Most robotics companies, especially the Big Four, produce their own servo motors in-house and sell them separately. While these servo motors are not difficult to manufacture, they do create some moats for companies that mass produce them: actuators must have high reliability and performance, so scaling requires advanced manufacturing techniques to replicate almost perfectly and achieve mass production. Therefore, long-time manufacturers of robotic components with the necessary expertise have the largest market share, such as Yaskawa (Japan), Panasonic (Japan), Bosch (Germany), Kuka (now China), and Siemens (Germany). Also included is Rockwell from the US, as it holds around 7% of the servo motor market share, but this is also the only part of the supply chain where no single participant dominates.

Source: Moog Inc.

Nearly 60% of the world's medium and large industrial robot reducers are supplied by Japan's Nabtesco. The difficulty in manufacturing them lies in the fact that almost every order is likely to be highly customized and tailored to the customer's hardware specifications, yet they must still meet 99.99% accuracy to replace humans and be applied in production. Reducers are crucial for ensuring this accuracy, and therefore account for the largest share of the manufacturing cost of industrial robots at 14%. The manufacturing of these gearboxes must be highly precise, so usually, only mature players with years of manufacturing experience can refine their processes and technologies to achieve this quality.

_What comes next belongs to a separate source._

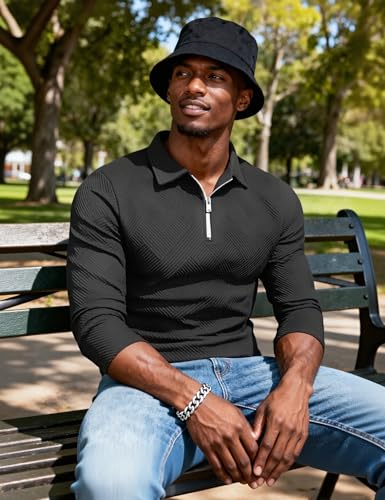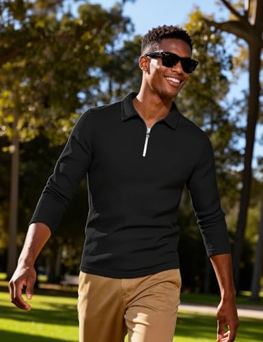 UOUA Men’s Polo Shirt Quarter Zip Tops Soild Casual Geometric Texture Long Sleeve Sweaters Pullover Golf Sweatshirts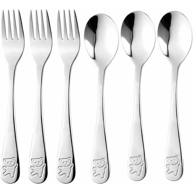 Set di posate per bambini - Riceverai 3 cucchiai per bambini e 3 forchette per bambini, colore argento, la quantità è sufficiente per coprire l'uso quotidiano e la sostituzione dei bambini., 【Materiale premium】 Le stoviglie per bambini sono realizzate in acciaio inossidabile di alta qualità, resistenti e durevoli, lisce superficie e non facile da arrugginire, facile da pulire e lavabile in lavastoviglie., 【Bel design】 La dimensione del cucchiaio è 16,3 x 3,5 cm e la dimensione della forchetta è 16,3 x 2,3 cm. Il manico è progettato ergonomicamente per una presa comoda, la dimensione perfetta lo rende facile da usare anche per i bambini., 【Ampio utilizzo】 L'estremità di ogni set di posate per bambini presenta un simpatico motivo a orso. Il bellissimo design può facilmente attrarre bambini di età diverse, come ragazzi, bambini piccoli, bambini in età prescolare e bambini in età scolare. Può essere utilizzato a casa oa scuola. 【Ottimo come regalo】 Questo set di posate in acciaio

Source: Curated Industries

There are even special types of reducers - harmonic drive gears, such as Harmonic Drive (Japan), founded in 1970, which uses a patented strain wave design with incredible precision. These components are more expensive but essential in ultra-precision settings such as semiconductor manufacturing. Green Harmonic was founded in China in 2003 with the aim of manufacturing its own ultra-precision strain wave gearboxes. In just 14 years, the company has produced over 100,000 units and captured 90% of China's domestic market for harmonic drive gears.

Source: makeagif

d. Magnets and Materials - Manufacturing Dependence

The supply of motors and gearboxes is not short, and prices are relatively cheap; however, today's motors have achieved a breakthrough. Most high-quality high-speed motors suitable for robotic use are now developed with permanent magnets (PM motors) to achieve higher power, efficiency, and power-to-weight ratio.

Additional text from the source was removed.